Large HDD/SSD Linux 2.6.38 File-System Comparison

Azpegath replied

11 March 2011, 08:02 AM
Originally posted by squirrl View Post

Reiser3 is still the best all around choice.
* Fault Tolerant
* Efficient
* Static

But sadly it degenerates and fragments like a motherfokker. After one and a half year it's at 20% of the speed it started at. And there's no known way of defragmenting it, except copying all the files from-and-to the filesystem again.
Leave a comment:
stqn replied

11 March 2011, 03:47 AM
Someone said it before, but I don't get the point of benchmarking ext4 on an SSD without the discard option (and maybe noatime.)

An SSD benchmark would in fact be a good place to tell people they should use discard, for the few who wouldn't know it already.
Leave a comment:
tytso replied

10 March 2011, 01:55 PM
Originally posted by adrian_sev View Post

Hi! i am looking at http://www.phoronix.com/data/img/res...38_large/2.png
with the results of sqlite ...
is really ext3 2 times slower on SSD? how can this be? is this the efect of lack of garbage collection or not trimming?

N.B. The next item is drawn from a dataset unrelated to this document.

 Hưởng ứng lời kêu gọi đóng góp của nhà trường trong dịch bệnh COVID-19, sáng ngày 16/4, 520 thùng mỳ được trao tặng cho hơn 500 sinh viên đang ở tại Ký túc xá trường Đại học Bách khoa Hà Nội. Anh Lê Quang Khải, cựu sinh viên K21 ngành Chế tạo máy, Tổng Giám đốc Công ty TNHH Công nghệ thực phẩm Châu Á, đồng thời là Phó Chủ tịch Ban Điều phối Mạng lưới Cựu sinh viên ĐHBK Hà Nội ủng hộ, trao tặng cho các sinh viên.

I'm pretty sure that ext3 is winning very big on the SQLite benchmark because it does a large number of random writes to the same blocks --- and since ext3 has barriers off by default, on the hard drive the disk collapses the writes together and most of the writes don't actually hit the disk platter. Good luck to your data if you have a power hit, but that's why ext3 wins really big on an HDD.

On an SSD, at least OCZ, it's not merging the writes, and so the random writes result in flash write blocks getting written, so that's why ext3 appears to be much worse on the OCZ SSD. Other SSD's might be able to do a better job of merging writes to the same block, if they have a larger write buffer. This would be very SSD-specific.

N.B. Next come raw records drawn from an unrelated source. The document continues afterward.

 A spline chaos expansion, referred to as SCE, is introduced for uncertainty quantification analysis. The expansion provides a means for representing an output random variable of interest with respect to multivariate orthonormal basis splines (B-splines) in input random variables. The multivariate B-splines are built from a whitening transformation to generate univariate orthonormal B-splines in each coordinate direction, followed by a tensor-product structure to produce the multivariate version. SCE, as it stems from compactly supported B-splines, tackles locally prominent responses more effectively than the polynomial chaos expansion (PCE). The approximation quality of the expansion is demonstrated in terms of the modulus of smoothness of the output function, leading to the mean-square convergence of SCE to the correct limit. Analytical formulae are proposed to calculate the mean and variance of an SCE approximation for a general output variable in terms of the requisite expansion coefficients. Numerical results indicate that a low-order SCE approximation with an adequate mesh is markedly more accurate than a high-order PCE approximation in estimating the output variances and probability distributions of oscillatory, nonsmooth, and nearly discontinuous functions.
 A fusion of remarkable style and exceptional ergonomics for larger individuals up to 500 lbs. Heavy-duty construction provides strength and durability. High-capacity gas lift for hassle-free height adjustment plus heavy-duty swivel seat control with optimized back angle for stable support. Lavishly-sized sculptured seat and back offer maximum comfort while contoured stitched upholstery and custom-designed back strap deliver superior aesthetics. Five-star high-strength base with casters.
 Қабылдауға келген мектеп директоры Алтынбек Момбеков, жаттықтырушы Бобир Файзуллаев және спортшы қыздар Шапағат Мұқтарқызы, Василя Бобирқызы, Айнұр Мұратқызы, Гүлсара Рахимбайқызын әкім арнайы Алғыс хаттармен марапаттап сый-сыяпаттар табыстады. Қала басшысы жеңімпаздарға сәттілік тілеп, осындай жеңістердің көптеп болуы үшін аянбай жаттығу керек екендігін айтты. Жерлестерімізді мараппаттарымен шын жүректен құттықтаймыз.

I suspect that JFS didn't run into this problem, even though it also doesn't use barriers, because its write patterns happened to fit within the OCZ's write cache, so it was able to collapse the writes. Personally I don't think it really matters, since running a database like SQLite which is trying to provide ACID properties without barriers enabled is obviously going to (a) result in a failure of the ACID guarantees, and (b) result in very confusing and misleading benchmark results.
Leave a comment:
pvtcupcakes replied

10 March 2011, 01:33 PM
Michael, for the graphs could you put a larger separator between the HDD and the SSD? I see there's a little hash mark, and the colors repeat. But at first glance it was kind of hard to tell where one ends, and the other begins.
Leave a comment:
adrian_sev replied

10 March 2011, 11:57 AM
weird results

Hi! i am looking at http://www.phoronix.com/data/img/res...38_large/2.png
with the results of sqlite ...
is really ext3 2 times slower on SSD? how can this be? is this the efect of lack of garbage collection or not trimming?

Thanks for info!
Adrian
Leave a comment:
tytso replied

10 March 2011, 10:53 AM
Originally posted by locovaca View Post

I wouldn't want a benchmark for your particular scenario because I'll never enter a situation like that, and I would venture that a majority of users would not either; any such data would skew opinions of file systems unnecessarily. I don't care how well a Corolla tows a 3 ton camper, just tell me how well it drives in basic conditions (city, highway) and I'll go from there.

Sure but you're begging the question of what is "normal conditions". Are you always going to fill a file system to 10% of capacity, and then reformat it, and then fill it to 10% again? That's what many benchmarkers actually end up testing. And so a file system that depends on the garbage collector for correct long-term operation, but which never has to garbage collect, will look really good. But does that correspond to how you will use the file system?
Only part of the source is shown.